OBJECTIVE To assess outcome and prognostic factors for survival of adults with Ewings sarcoma/primitive neuroectodermal tumor (PNET). BACKGROUND Ewings sarcoma/PNET is a disease of childhood rarely seen in adults. Accordingly, there is a relative paucity of published literature pertaining to outcome for adults with this disease. METHODS Between 1979 and 1996, 37 patients with newly diagnosed Ewings sarcoma/PNET were evaluated and treated at the Adult Sarcoma Program at Dana-Farber Cancer Institute and Brigham & Womens Hospital.

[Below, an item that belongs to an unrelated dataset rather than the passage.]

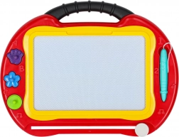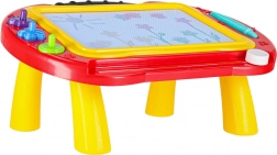 Fördern Sie Kreativität und Feinmotorik der Kinder mit der vielseitigen magnetischen 2-in-1-Tafel. Sie dient als stabiler Tisch für bequemes Sitzen und als leichte, tragbare Tafel mit Griff. Kinder können malen, erste Buchstaben und Zahlen schreiben und Stempel mit interessanten Formen verwenden – alles ohne Papier und ohne Flecken.

Twenty-six patients had localized disease at presentation and 11 had metastatic disease. All but two patients received multiagent chemotherapy. Local treatment consisted of surgery (7 patients), surgery and radiation therapy (19), radiation therapy (6), or no local treatment (5). Median follow-up for living patients was 100 months (range 8 to 199). RESULTS The 5-year survival rate for the group overall was 37%+/-9%. The 5-year local control rate was 85%+/-7%. Significant favorable predictors for survival on univariate analysis included localized disease at presentation, primary origin in bone, primary size <8 cm, and a favorable objective response to chemotherapy. Patients with localized disease had a 5-year survival rate of 49%+/-11% compared with 0% for those with metastatic disease at presentation. Multivariate analysis showed three significant independent predictors for death: metastatic disease at presentation, primary origin in extraosseous tissue versus bone, and age 26 years or older. CONCLUSION Adult patients with Ewings sarcoma/PNET at highest risk for death are those who are older than 26 years and have metastatic disease or an extraosseous primary tumor. The development of novel therapies should target these high-risk groups.